En plus de permettre aux chercheurs d'associer ces dernières attaques à Lazarus, le penchant du groupe pour la réutilisation des infrastructures les a aidés à identifier d'autres logiciels malveillants qu'ils utilisent (à savoir CollectionRAT).
Ses capacités incluent l'exécution de commandes arbitraires, la gestion des fichiers du point de terminaison infecté, la collecte d'informations système, la création d'un shell inversé, la génération de nouveaux processus permettant le téléchargement et le déploiement de charges utiles supplémentaires, et enfin, la possibilité de s'auto-supprimer du point de terminaison compromis ( sur ordre du C2).
Liens opérationnels entre les différents implants de malwares. (Source : Talos)

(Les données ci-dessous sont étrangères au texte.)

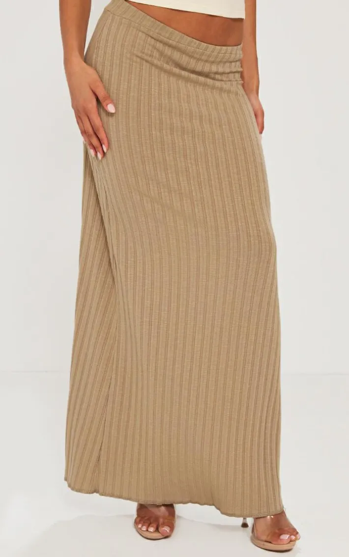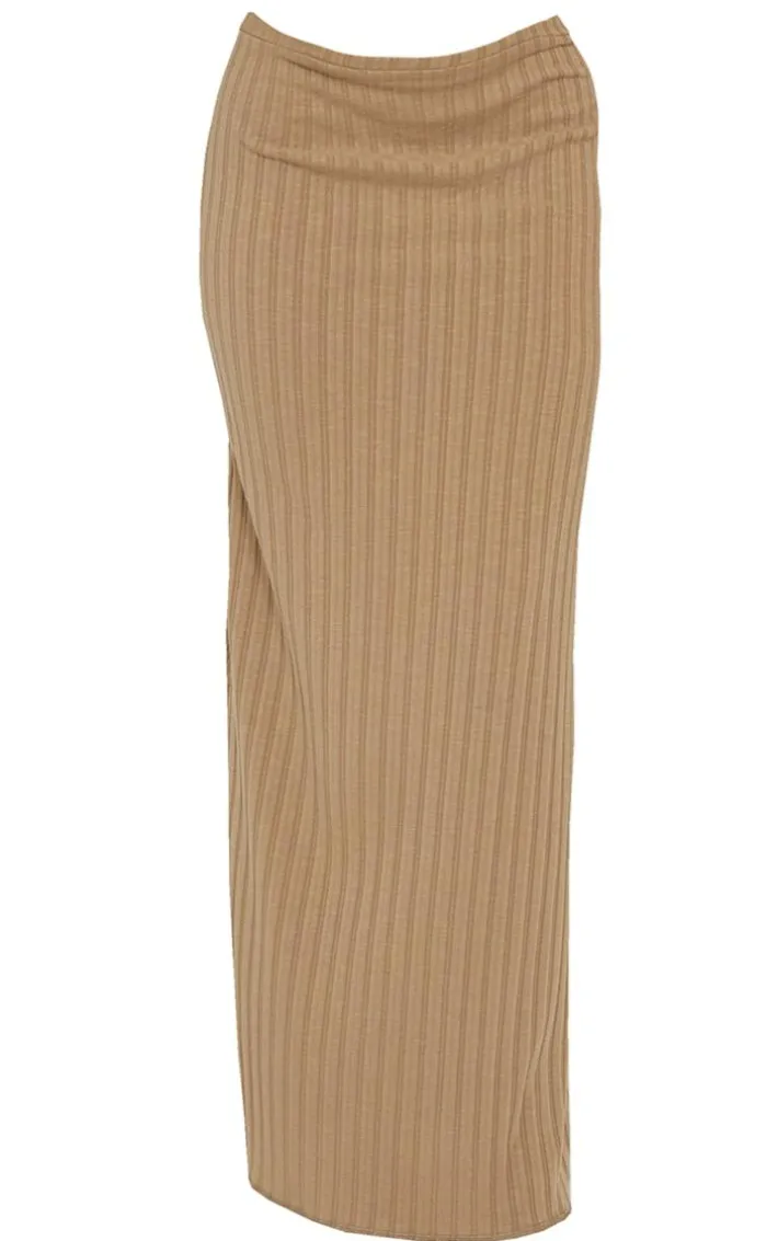 Switch up your new season wardrobe with this taupe wide rib drapy maxi skirt, it’s a definite yes from us whatever your plans. This skirt features a taupe wide ribbed material with a drapey design and a maxi length, you’re sure to be earning all the likes. Pair this maxi skirt with your fave top and simple accessories for a flawless finish.

« [CollectionRAT] consiste en un binaire Windows basé sur une bibliothèque Microsoft Foundation Class (MFC) qui déchiffre et exécute le code du malware à la volée. MFC, qui est traditionnellement utilisé pour créer les interfaces utilisateur, les contrôles et les événements des applications Windows, permet à plusieurs composants de logiciels malveillants de fonctionner de manière transparente les uns avec les autres tout en faisant abstraction des implémentations internes du système d'exploitation Windows des auteurs », ont expliqué les chercheurs.

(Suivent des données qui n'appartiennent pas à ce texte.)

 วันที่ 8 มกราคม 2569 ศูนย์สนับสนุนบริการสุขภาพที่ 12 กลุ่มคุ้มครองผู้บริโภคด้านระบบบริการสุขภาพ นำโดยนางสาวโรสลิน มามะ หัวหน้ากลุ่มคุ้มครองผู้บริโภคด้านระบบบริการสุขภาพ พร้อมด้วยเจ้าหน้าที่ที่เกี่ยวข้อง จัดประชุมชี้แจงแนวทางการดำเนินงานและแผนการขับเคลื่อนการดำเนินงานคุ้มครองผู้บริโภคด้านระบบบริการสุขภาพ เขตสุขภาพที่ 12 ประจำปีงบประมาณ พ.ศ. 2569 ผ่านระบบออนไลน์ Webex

« L’utilisation d’un cadre aussi complexe dans les logiciels malveillants rend l’analyse humaine plus lourde. Cependant, dans CollectionRAT, le framework MFC vient d’être utilisé comme wrapper/déchiffreur pour le code malveillant réel.
Selon les chercheurs de Cisco Talos, le groupe Lazarus modifie légèrement ses tactiques d'attaque. Alors qu'il utilisait auparavant des outils et des frameworks open source tels que Mimikatz, PuTTY Link, Impacket et DeimosC2 uniquement dans la phase post-compromise des attaques, il les utilise désormais également dans la phase initiale.

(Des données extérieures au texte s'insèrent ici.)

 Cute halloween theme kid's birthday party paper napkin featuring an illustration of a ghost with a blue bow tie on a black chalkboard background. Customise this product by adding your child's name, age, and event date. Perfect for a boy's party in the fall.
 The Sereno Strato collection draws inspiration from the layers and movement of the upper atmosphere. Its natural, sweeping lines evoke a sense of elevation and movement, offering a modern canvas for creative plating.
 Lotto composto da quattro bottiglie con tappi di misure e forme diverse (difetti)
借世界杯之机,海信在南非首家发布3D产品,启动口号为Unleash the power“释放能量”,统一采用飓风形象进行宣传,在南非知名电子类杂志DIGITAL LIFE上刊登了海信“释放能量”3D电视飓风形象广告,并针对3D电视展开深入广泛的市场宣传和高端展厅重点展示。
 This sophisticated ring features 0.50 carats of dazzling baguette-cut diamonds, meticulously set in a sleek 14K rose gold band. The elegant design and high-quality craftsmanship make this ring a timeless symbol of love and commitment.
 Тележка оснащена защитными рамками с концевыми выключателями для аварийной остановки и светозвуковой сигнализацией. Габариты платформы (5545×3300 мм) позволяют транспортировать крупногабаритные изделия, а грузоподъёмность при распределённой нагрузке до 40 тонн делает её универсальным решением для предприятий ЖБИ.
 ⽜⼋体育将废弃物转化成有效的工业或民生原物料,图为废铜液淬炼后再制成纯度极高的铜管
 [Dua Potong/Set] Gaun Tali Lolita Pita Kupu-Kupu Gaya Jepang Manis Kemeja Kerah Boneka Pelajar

« Outre les nombreux outils à double usage et frameworks de post-exploitation trouvés sur l'infrastructure d'hébergement du groupe Lazarus, nous avons découvert la présence d'un nouvel implant que nous avons identifié comme une balise du framework open source DeimosC2. Contrairement à la plupart des logiciels malveillants trouvés sur leur infrastructure d'hébergement, l'implant DeimosC2 était un binaire Linux ELF, indiquant l'intention du groupe de le déployer lors de l'accès initial sur des serveurs basés sur Linux », ont-ils ajouté.